We have gently retracted my son's foreskin. We have not forcibly retracted it.

At some point you have to start retracting it, so you can clean. But you don't know just when it will be retractable. The child needs to be able to tell you if it hurts... or the child needs to be able to do it on his own... but yes, i think it can be done gently. Truly gently.

I think it can also be forced back in a slow manner by someone who doesn't know better - this would be both "gentle" and forcible. But I don't think gentle means forcible, if the foreskin is ready to be retracted.

It really depends on the child, and why it's being retracted, and how much the person doing the retraction knows about the whole business...


----------



## green_momma2007 (Jul 22, 2007)

I think it depends on if the forceskin is still attached to the glans. IF it is, then really, there's no way to be gentle because by retracting you are forcibly separating the foreskin from the glans.
If you are only pulling back the part of the foreskin that is already separated, then I believe this is gentle.
To be honest, I've never retracted my son because I was horrified when my former pediatrician forcibly retracted my 8 month old baby. At the time, I had no idea that doctors did that. And all the anti circumcision sites always say to leave the foreskin alone, and since I am very anti circumcision, that's what I've always done. But now that my son ended up with a nasty infection and a painful penis I think I will have to change my approach a little.
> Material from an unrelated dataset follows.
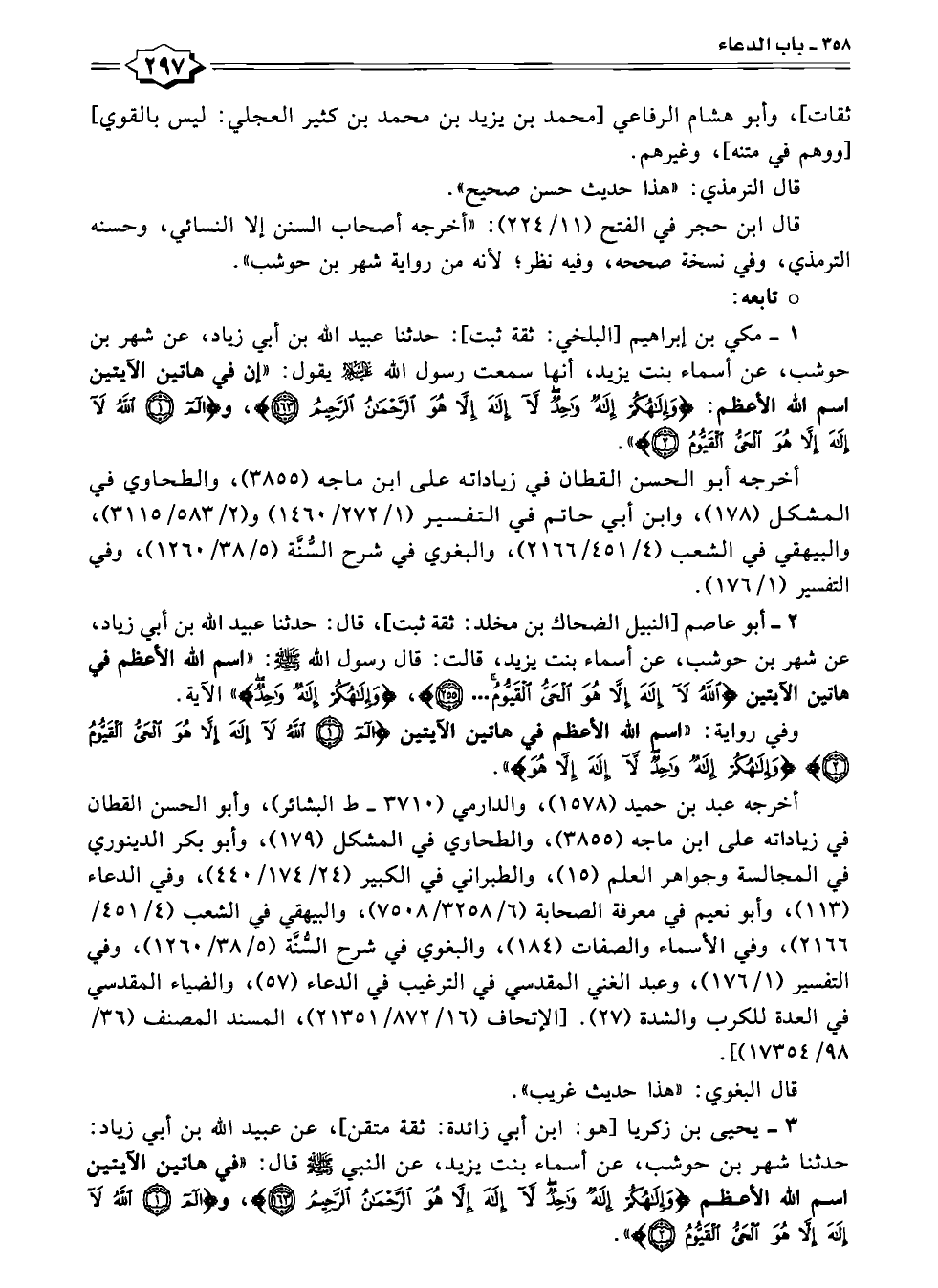٣ - يحيى بن زكريا [هو: ابن أبي زائدة: ثقة متقن]، عن عبيد الله بن أبي زياد: حدثنا شهر بن حوشب، عن أسماء بنت يزيد، عن النبي - صلى الله عليه وسلم - قال: "في هاتين الآيتين اسم اللّه الأعظم {وَإِلَهُكُمْ إِلَهٌ وَاحِدٌ لَا إِلَهَ إِلَّا هُوَ الرَّحْمَنُ الرَّحِيمُ (١٦٣)}، {الم (١) اللَّهُ لَا إِلَهَ إِلَّا هُوَ الْحَيُّ الْقَيُّومُ (٢)} ".

As in, gently pull back what is already retractible and clean it up.
Unfortunately, my doc seems to be very pro circumcision and he brought it up during today's visit as a way of avoiding future infections. I wasn't too happy about that, but I figure we'll be ok as long as I keep in clean.


----------



## GoBecGo (May 14, 2008)

You can gently retract a retractable foreskin (like on an adult man). A non-retractable foreskin doesn't retract any more than a fingernail parts from the nail bed. If the penis isn't retractable then "gentle" retraction won't work, if it is retractable it will, but then i can't think of a reason you'd need or want to retract a child's foreskin.

Quote:

At some point *you* have to start retracting it, so you can clean. But you don't know just when it will be retractable. The child needs to be able to tell you if it hurts... or the child needs to be able to do it on his own... but yes, i think it can be done gently. Truly gently.
This is only true if the bolded "you" (my bolding) is the owner of the foreskin. You the parent do not need to retract to clean, it is unnecessary at best and at worst it is dangerous.

I'm in the UK where knowledge on "caring" for the foreskin (or rather faith that leaving it well alone is enough and that boys can easily and quickly be taught to clean it themselves) is widespread. I wonder though, when i read threads where people talk about cleaning under the foreskin, how many parents of little girls are carefully spreading the folds of their daughter's vulva and pulling back the clitoral hood in the bath every night to get it all "clean"...?


----------



## RunnerDuck (Sep 12, 2003)

Quote:


Originally Posted by *GoBecGo* 
This is only true if the bolded "you" (my bolding) is the owner of the foreskin. You the parent do not need to retract to clean, it is unnecessary at best and at worst it is dangerous.

I'm in the UK where knowledge on "caring" for the foreskin (or rather faith that leaving it well alone is enough and that boys can easily and quickly be taught to clean it themselves) is widespread. I wonder though, when i read threads where people talk about cleaning under the foreskin, how many parents of little girls are carefully spreading the folds of their daughter's vulva and pulling back the clitoral hood in the bath every night to get it all "clean"...?

OK - so there's another post now on infection in a 4 yo penis. My son had this when he was 3. I think that this began to happen around the time we really did need to start pulling back the skin and cleaning things better. Prior to that we took the "it will stay clean enough" approach to things. But once things begin to separate in there, I think you do need to pay a little more attention to cleaning.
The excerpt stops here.